As to the between‐individual level, most of the variables were not significantly associated with one another, except the association of being calm with nonattachment and mindfulness in both lagged effect and concurrent effect models and the association of nonattachment with mindfulness in the concurrent effect model (Table 2). The results of the between‐individual part of the models suggested that after separating the within‐individual effects, mindfulness, nonattachment, and affect‐related variables were almost not associated with one another in general. The ICCs for both models ranged from .004 to .013, suggesting that a very small variance explained could be attributed to between‐individual differences (Table 2). This null association at the between levels could be partly contributed by the small variance of the variables at the between levels. Therefore, the results should be interpreted with caution.
TABLE 2.
Mindful | Nonattached | Happy | Sad | Stressed | Calm | |
---|---|---|---|---|---|---|
Mindful | ‐ | .008 | .003 | −.003 | −.011 | .013 |
Nonattached | .011* | ‐ | −.001 | −.005 | −.004 | .010* |
Happy | .003 | .000 | ‐ | .000 | −.007 | .002 |
Sad | −.005 | −.007 | .001 | ‐ | .007 | −.005 |
Stressed | −.009 | −.005 | −.005 | .006 | ‐ | −.008 |
Calm | .015** | .014** | .002 | −.009 | −.008 | ‐ |
ICC | .013 | .004 | .005 | .004 | .005 | .005 |
Note: The results in the upper diagonal matrix refer to the result of the model of concurrent effect, while the ones in the lower diagonal matrix refer to the result of the model of lagged effect.
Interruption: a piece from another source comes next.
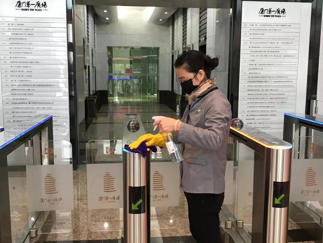 大到每日對進出人員的體溫測量登記,對辦公區域、大堂、電梯等各個大大小小公共區域的全面消毒凈化工作,以及嚴格執行復工備案制度、每日報告制度等;小到為客戶提供防控疫情指南以及電梯按鍵用紙、廢棄口罩專用垃圾桶的設置等;但凡涉及到寫字樓的疫情防控工作,廈門第一廣場物業服務中心都分派專人進行管理與追蹤,事無巨細,只為確保每一項防疫工作落實到位,確保盡最大努力為業戶織就牢固的全方位辦公防疫網。

In the model of lagged effect, mindfulness, nonattachment, and the DVs were at time points t − 1, t, and t + 1, respectively. In the model of concurrent effect, all the variables were at the concurrent time points.
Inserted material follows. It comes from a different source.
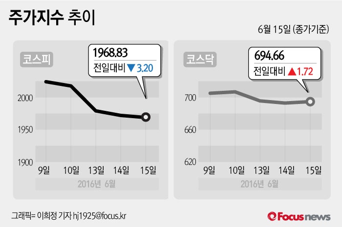 (서울=포커스뉴스) 15일 코스피지수는 전날 보다 0.16%(3.20포인트) 내린 1968.83에 장을 마쳤다. 코스닥지수는 전일 대비 0.25%(1.72포인트) 오른 694.66에 마감했다.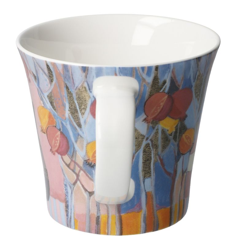 "Melograni in fiesta" är en fantastiskt fin mugg med motiv i rosa och ljusblå färgtoner. Översätter man muggens namn förstår man att motivet handlar om granatäpplen och fest.

Abbreviations: DVs, dependent variables; ICC, intraclass correlation coefficient.
p < .05, and
p < .01.
STUDY 2
Participants
Responses were collected from 224 participants who reported that they did not have any mindfulness experience (67.9% women; mean age = 22.08 years, SD = 6.62) from a public university in Hong Kong. A total of 206 (92.5%) and 193 (86.7%) valid responses were collected from the same group of participants at 1‐ and 2‐month follow‐up assessments, respectively. Most of the participants reported that they had received tertiary education or above (84%) and did not have any religious affiliation (71.4%). Of those who had a religious affiliation, 49 (21.9%) identified themselves as Christians, followed by Buddhists (1.8%), Taoists (0.4%), and others (0.4%).
Procedure
The study participants were recruited from the researchers' institution using convenience sampling via mass email. Eligibility criteria included being 18 years or older and the ability to understand written Chinese. After giving informed consent, participants were asked to complete three sets of online questionnaires consisting of the measures of mindfulness, nonattachment, and psychological well‐being over a 2‐month period using Qualtrics, an online survey platform. The questionnaires were sent immediately after consent (T1), 1 month after T1 (T2), and 2 months after T1 (T3). Participants who completed at least two of the three assessments were entered into a random draw as compensation for their time and effort. The prizes included HK$1000 for three participants, HK$500 for five participants, and HK$300 for 15 participants. Ethical approval was obtained from the corresponding author's institution before data collection began. All the measures were administered in Chinese.
Measures
Mindfulness
The 15‐item Mindful Attention Awareness Scale (MAAS) (Brown & Ryan, 2003) was used to assess the mindful level of an individual on a 6‐point Likert scale from 1 (almost always) to 6 (almost never). Higher scores indicate higher levels of mindfulness. A sample item is “I find it difficult to stay focused on what's happening in the present.” The internal consistency of the scale at baseline was satisfactory (Cronbach's α = .87).
Nonattachment
The eight‐item Nonattachment Scale—Short Form (NAS‐SF) (Chio et al., 2018) is an abridged and validated version of the original 30‐item scale developed by Sahdra et al. (2010). It was used to measure an individual's level of nonattachment on a 6‐point Likert scale from 1 (strongly disagree) to 6 (strongly agree). Higher scores on the scale indicate higher levels of nonattachment. A sample item is “I am open to reflecting on my past mistakes and failings.” The internal consistency of the scale at baseline and T2 was satisfactory (Cronbach's αs = .91 and .92).
Psychological well‐being
The 18‐item Psychological Well‐being (PWB) Scale (Short Form; Ryff & Keyes, 1995) was used to measure psychological well‐being on six aspects, including autonomy, environmental mastery, personal growth, positive relations with others, purpose in life, and self‐acceptance. Only the composite score of the scale was used in the present study, with higher scores indicating higher levels of psychological well‐being. A sample item includes “When I look at the story of my life, I am pleased with how things have turned out so far.” The internal consistency of the scale at all three time points was satisfactory (Cronbach's αs = .84).
Data analysis
A path analysis was performed to investigate the mediating role of nonattachment in the relationship between mindfulness and psychological well‐being, using Mplus Version 8.9. To align with the concurrent and lagged models investigated in Study 1, the model in Study 2 was structured in a way that consists of two parts: concurrent and longitudinal (Figure 2).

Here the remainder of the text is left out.